WORK REQUEST -
Write the data out again, character for character, with no images.

INFORMATION SHOWN -

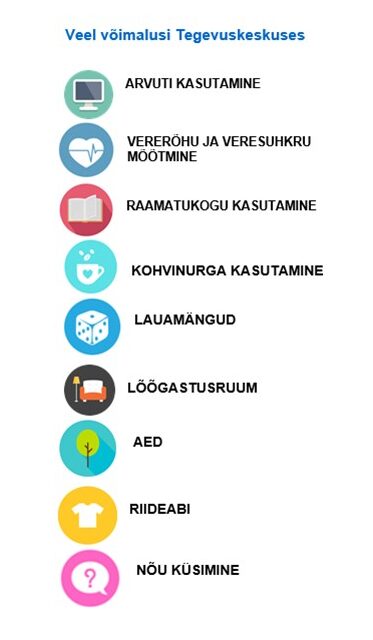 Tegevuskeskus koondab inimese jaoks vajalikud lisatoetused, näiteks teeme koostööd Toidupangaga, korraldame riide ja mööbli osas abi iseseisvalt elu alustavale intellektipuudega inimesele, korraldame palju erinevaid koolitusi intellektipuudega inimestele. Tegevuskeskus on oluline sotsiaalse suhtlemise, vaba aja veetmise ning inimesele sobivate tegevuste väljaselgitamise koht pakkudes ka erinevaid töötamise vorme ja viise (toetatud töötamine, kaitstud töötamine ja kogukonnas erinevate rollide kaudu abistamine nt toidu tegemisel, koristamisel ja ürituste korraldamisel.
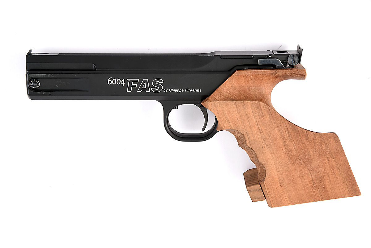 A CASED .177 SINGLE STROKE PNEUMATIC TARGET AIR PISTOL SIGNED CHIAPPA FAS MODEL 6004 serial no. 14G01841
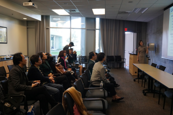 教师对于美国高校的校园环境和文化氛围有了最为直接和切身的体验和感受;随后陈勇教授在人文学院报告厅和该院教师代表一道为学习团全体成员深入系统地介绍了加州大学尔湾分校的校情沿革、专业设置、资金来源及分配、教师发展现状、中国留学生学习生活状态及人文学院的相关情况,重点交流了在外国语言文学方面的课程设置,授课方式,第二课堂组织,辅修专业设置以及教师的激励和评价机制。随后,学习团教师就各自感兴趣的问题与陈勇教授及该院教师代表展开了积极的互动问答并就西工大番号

ANSWER SECTION -
 Tegevuskeskus koondab inimese jaoks vajalikud lisatoetused, näiteks teeme koostööd Toidupangaga, korraldame riide ja mööbli osas abi iseseisvalt elu alustavale intellektipuudega inimesele, korraldame palju erinevaid koolitusi intellektipuudega inimestele. Tegevuskeskus on oluline sotsiaalse suhtlemise, vaba aja veetmise ning inimesele sobivate tegevuste väljaselgitamise koht pakkudes ka erinevaid töötamise vorme ja viise (toetatud töötamine, kaitstud töötamine ja kogukonnas erinevate rollide kaudu abistamine nt toidu tegemisel, koristamisel ja ürituste korraldamisel.
 A CASED .177 SINGLE STROKE PNEUMATIC TARGET AIR PISTOL SIGNED CHIAPPA FAS MODEL 6004 serial no. 14G01841
 教师对于美国高校的校园环境和文化氛围有了最为直接和切身的体验和感受;随后陈勇教授在人文学院报告厅和该院教师代表一道为学习团全体成员深入系统地介绍了加州大学尔湾分校的校情沿革、专业设置、资金来源及分配、教师发展现状、中国留学生学习生活状态及人文学院的相关情况,重点交流了在外国语言文学方面的课程设置,授课方式,第二课堂组织,辅修专业设置以及教师的激励和评价机制。随后,学习团教师就各自感兴趣的问题与陈勇教授及该院教师代表展开了积极的互动问答并就西工大番号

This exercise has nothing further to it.